Trotz hoher technischer und organisatorischer Sicherheitsstandards können Datenschutzverletzungen auftreten. Unser Unternehmen ist gesetzlich dazu verpflichtet, im Fall einer Verletzung des Schutzes personenbezogener Daten die zuständigen Aufsichtsbehörden innerhalb von 24 Stunden zu benachrichtigen. Datenschutzvorfälle liegen auch dann vor, wenn eine unberechtigte Datenweitergabe stattfindet, beispielsweise beim Versand von E-Mails an Kunden mit falschen Daten. 2016 gab es 236 Datenschutzmeldungen von Telefónica Deutschland zu Vorfällen nach § 109a TKG an die Datenschutzaufsichtsbehörden (2015: 71 Datenschutzmeldungen). Der Meldeprozess folgt einem geregelten Verfahren, das in einer eigenen Unternehmensrichtlinie „Datenschutzvorfälle“ definiert ist. Wir führen den Anstieg zum Vorjahr auf verbesserte interne Meldeprozesse und ein gesteigertes Problembewusstsein der Mitarbeiter zurück. Im Berichtsjahr haben wir zudem vier datenschutzbezogene Lieferantenaudits bei Dienstleistern aus dem Bereichen IT und Personal sowie bei internen Stellen durchgeführt, bei denen keine Verstöße festgestellt wurden.

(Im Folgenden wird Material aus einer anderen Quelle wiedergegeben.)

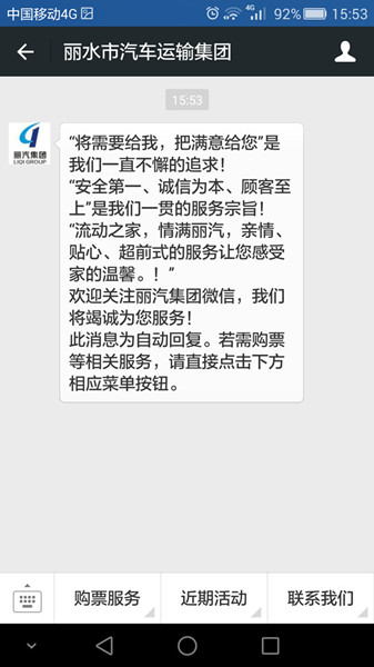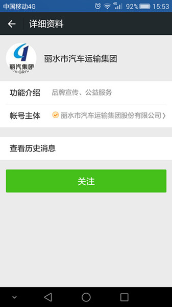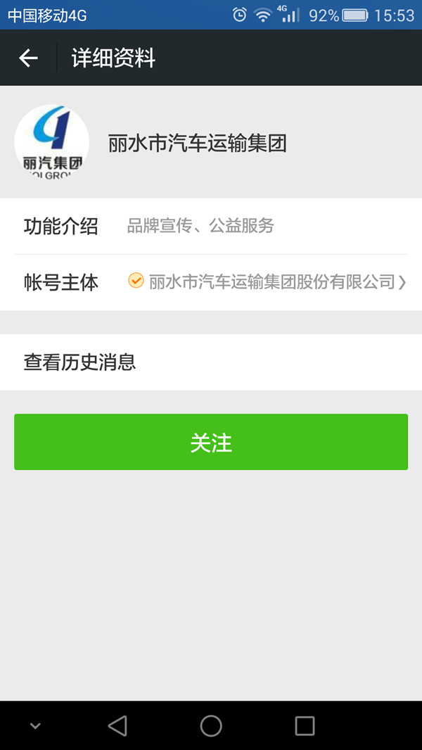 (1)打開微信,搜索添加“麗水市汽車運(yùn)輸集團(tuán)”微信公眾號或直接掃取二維碼,點擊關(guān)注。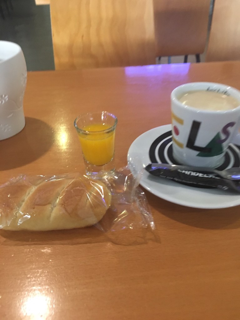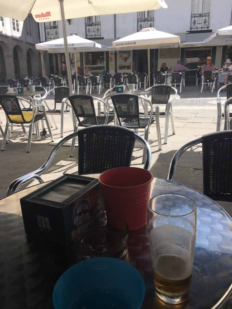 Second breakfast in Fene. Just a snack and to get a stamp (sello) on my official pilgrim card -given an orange juice shot!!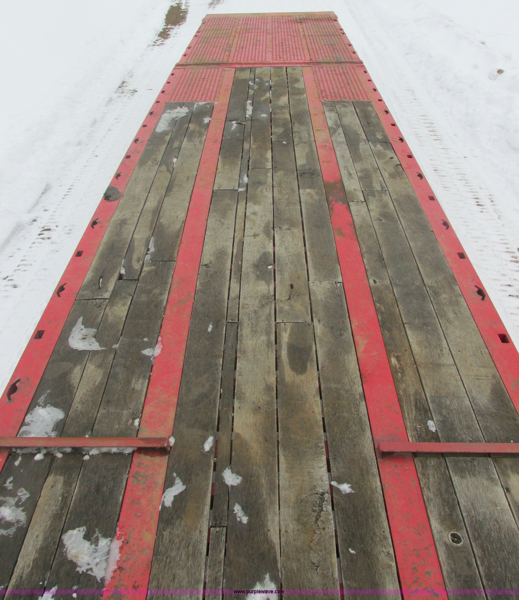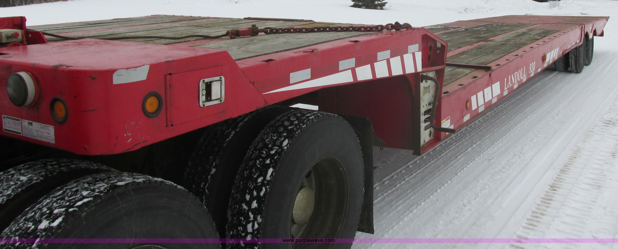 Purple Wave is selling a used Equip. Trailer in Minnesota. This item is a 2000 Landoll 930 Hydratail equipment trailer with the following: 26'L x 102"W main deck, 10.5'L top deck, 15'L hydratail deck, Wood and steel deck, Stake pockets, DP winch, 20,000 lbs capacity, (2) side toolboxes, Slide axle, 10R27.5HL tires, GVWR 86,300 lbs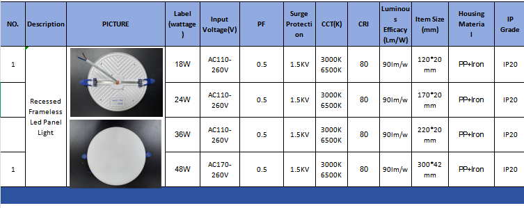Нашето светло со вградено LED панел без рамка комбинира елегантен дизајн со широк опсег на разновидност. Неговата висока популарност на пазарот го етаблира како водечки производ на нашата фабрика.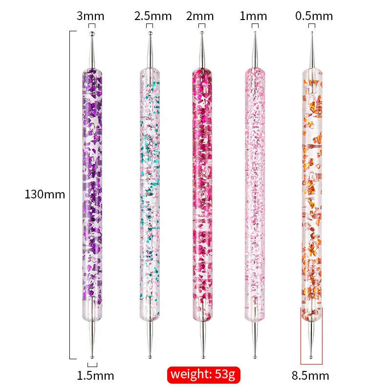 5pcs Dual-ended Nail Art Dotting Tool With Rhinestones Handle Gems Pens UV Gel Liner Flower Pattern Drawing Painting Brush Kits
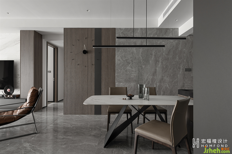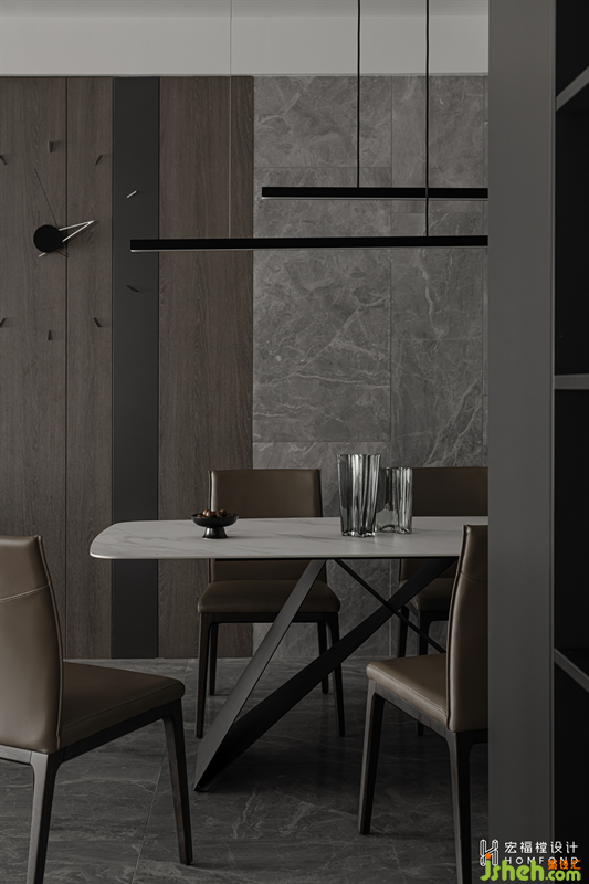 客餐廳與懸掛位于同一空間,給人通透的視覺感受,保證空間的整體和諧。裝修設(shè)計大理石紋路和木制結(jié)合,相近的色調(diào)帶來輕松舒適感。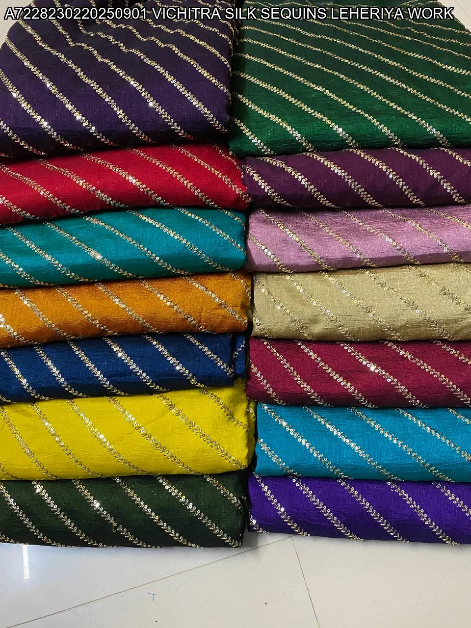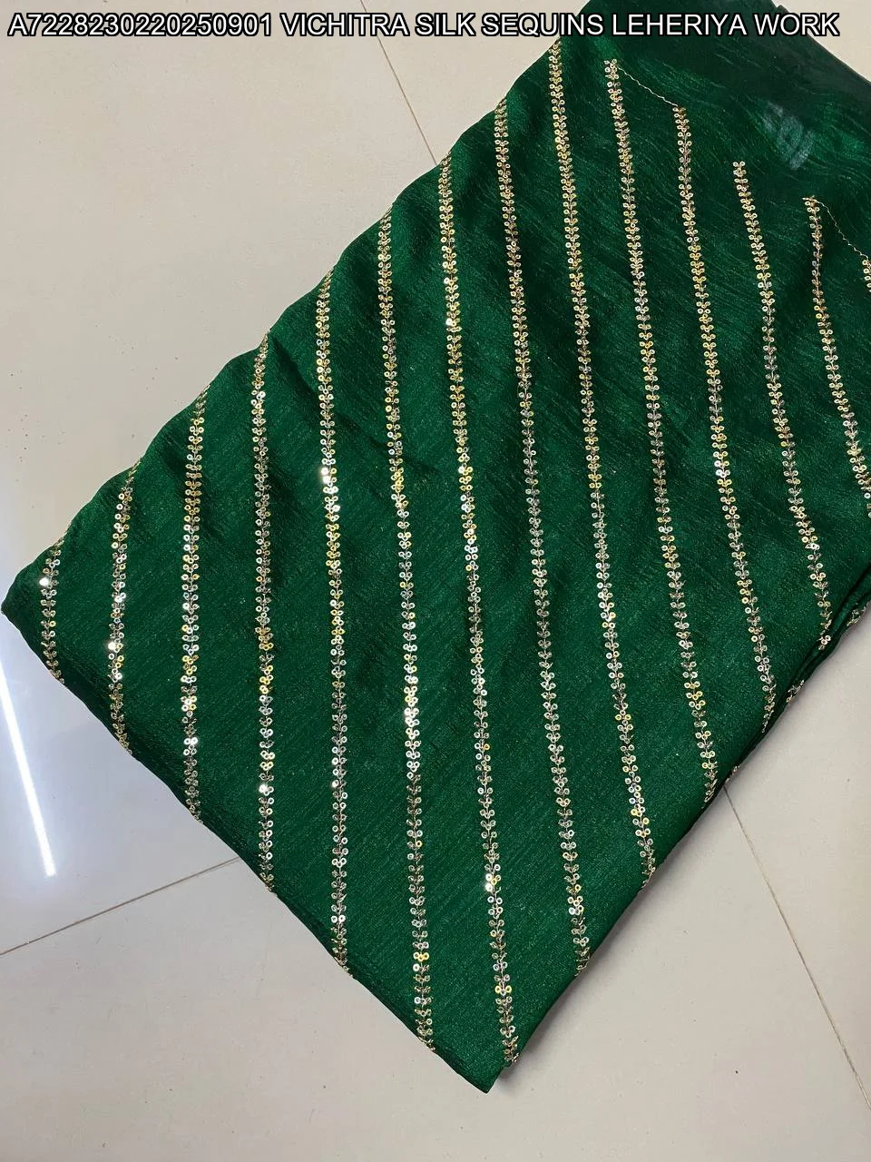 - Design: Traditional Leheriya pattern with sequin embellishments

Management für Informationssicherheit und Datenschutz weiter integriert

Datenschutz bei der Telefónica Deutschland Group
In unseren Geschäftsgrundsätzen verpflichten wir uns auch zur Informationssicherheit. Wir behandeln sensible Daten vertraulich und sichern sie gegen mögliche Zugriffe von unberechtigten Dritten. Dafür nutzen wir ein detailliertes Berechtigungsmanagement, moderne und standardisierte Verschlüsselungsverfahren sowie sichere Anmeldeverfahren, mit denen nur berechtigte Personen auf vertrauliche Informationen zugreifen können. Durch die Datenverarbeitung in geografisch verteilten Rechenzentren stellen wir zudem sicher, dass die Kunden unsere Dienste auch beim Ausfall einzelner Komponenten oder selbst bei einem Ausfall ganzer Standorte nutzen können. Mit dem 2015 etablierten Informationssicherheits- und Datenschutzmanagementsystem (ISMS und DSMS) steuern wir unsere Prozesse über Standards, Zielvorgaben, Verantwortlichkeiten, Trainings und die regelmäßige Kontrolle der umgesetzten Maßnahmen. Das ISMS orientiert sich am internationalen Standard ISO 27.001:2013. Effizienz und Funktion unseres Managementansatzes prüfen wir mittels regelmäßiger Assessments, Prüfungen der internen Revision sowie eines Benchmarkings mit anderen Unternehmen. 2016 stand der Aufbau einer funktionsfähigen Governance-Struktur im Bereich Informationssicherheit im Zentrum unserer Aktivitäten, um das Thema in alle relevanten Geschäftsbereiche und -prozesse zu integrieren. Parallel wurde ein Cyber-Security-Emergency-Center als neuer Meldeweg für Sicherheitsvorfälle jeglicher Art etabliert. Zusätzlich haben wir Security Assessments erweitert, die zur Prüfung der Systeme und Prozesse von Unternehmensbereichen und Lieferanten dienen.